This time point represents the peak of induction for a majority of the genes assayed, and represents a time point in which early genes are highly expressed, while genes that require de-novo transcriptions (e.g. genes that are activated by the early genes) can only begin synthesizing significant amounts of mRNA. This conclusion was reached both by analysis of estimated rate constants, as well as by experimental data. Significant early gene mRNA accumulation can be detected approximately 20 minutes following stimulus (data not shown). It follows that for significant amounts of protein to be produced and affect mRNA accumulation of additional genes would require an additional 30 minutes at least. Additionally, blocking new protein synthesis, using cycloheximide, does not change the rate of accumulation at the 45 minute time point (data not shown), showing that at this early time these genes are not affected by other genes that were not measured.
We chose to assay a group of early genes based on their high response to GnRH in previous studies , . Measurement of transcript levels were performed by SYBR green quantitative real time PCR . This experiment was performed five independent times. Fig. 5A shows the clustered heat map of the measured activity in log-scale, as obtained from a single experiment, where the clustering is performed both on the genes and on the perturbations. The raw data for all five experiments is available as Supporting Dataset S1.

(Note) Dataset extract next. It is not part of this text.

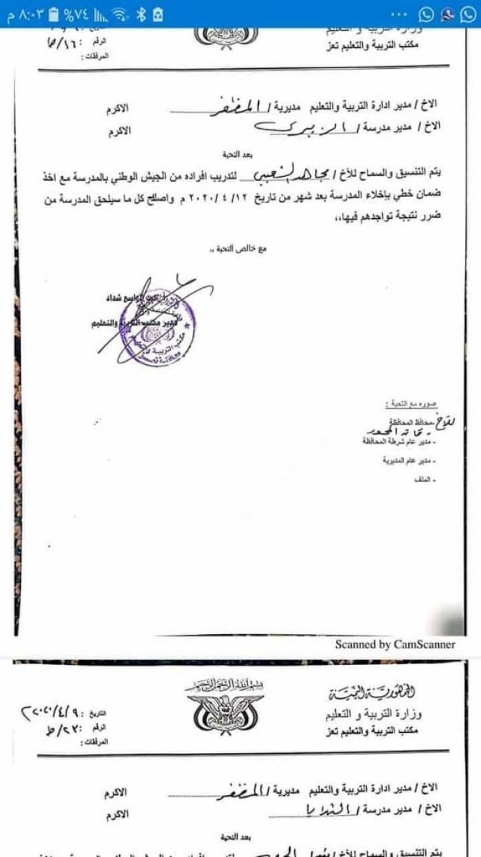 وتضمنت الوثيقة توجيهات من مدير مكتب التربية في المحافظة، التابع لمليشيا الإخوان، المدعو شداد المخلافي، إلى مدراء مدارس في مديرية المظفر، بإخلاء المدارس لعناصر المليشيا، باعتبارها مقار تدريب عناصرها.

A. The clustered heat map of the log fold change in gene activity for 21 genes (X axis), as obtained from a single experiment (experiment #6), where LβT2 gonadotropes were treated with one of six chemical inhibitors acting on signaling components (Y axis). The fold change is the gene activity in the presence of both inhibitor and GnRH divided by the gene activity with GnRH alone; B. The inferred functional network in the Gonadotrope. PLACA was applied to the experimental data from five independent experiments. The functional network represents signaling components that present a statistically significant functional interaction. The interactions between ERK and PKC, between JNK and Src, and between EGFR and CaMKII were previously seen experimentally, and we have found experimental evidence for the validity of the functional inhibition of EGFR by JNK.

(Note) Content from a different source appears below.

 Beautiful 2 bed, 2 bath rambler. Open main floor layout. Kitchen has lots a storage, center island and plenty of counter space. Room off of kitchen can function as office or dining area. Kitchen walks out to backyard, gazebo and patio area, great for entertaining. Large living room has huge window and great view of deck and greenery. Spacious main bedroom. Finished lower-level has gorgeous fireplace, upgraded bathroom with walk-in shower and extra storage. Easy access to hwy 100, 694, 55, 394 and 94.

Analysis using PLACA produced the functional interaction network shown in Fig. 5B, in which we consider only interactions that were predicted by at least four out of the five independent experiments. This filtering is done in order to minimize the number of false interactions detected, using the post-processing procedure explained in the Supporting text S1. The resulting network has 11 interactions, out of 30 possible interactions. 8 interactions are positive and 3 are negative. 10 of the interactions are involved in bi-directional functional interactions, where the two components have a similar functional effect on each other. The probability of obtaining 11 such interactions or more in random networks is less than 0.002.
Application of PLACA to the gonadotrope cell identified the positive bi-directional interaction between Src and JNK. Studies in the similar aT3-1 cells have demonstrated that JNK is activated in a pathway downstream of Src . Additionally, we performed experiments based on this reverse-engineered network that show that JNK inhibition attenuates Pyk2 activation (Supporting Fig. S2). Additionally, Src is known to activate Pyk2 , thus completing the bi-directional functional interaction.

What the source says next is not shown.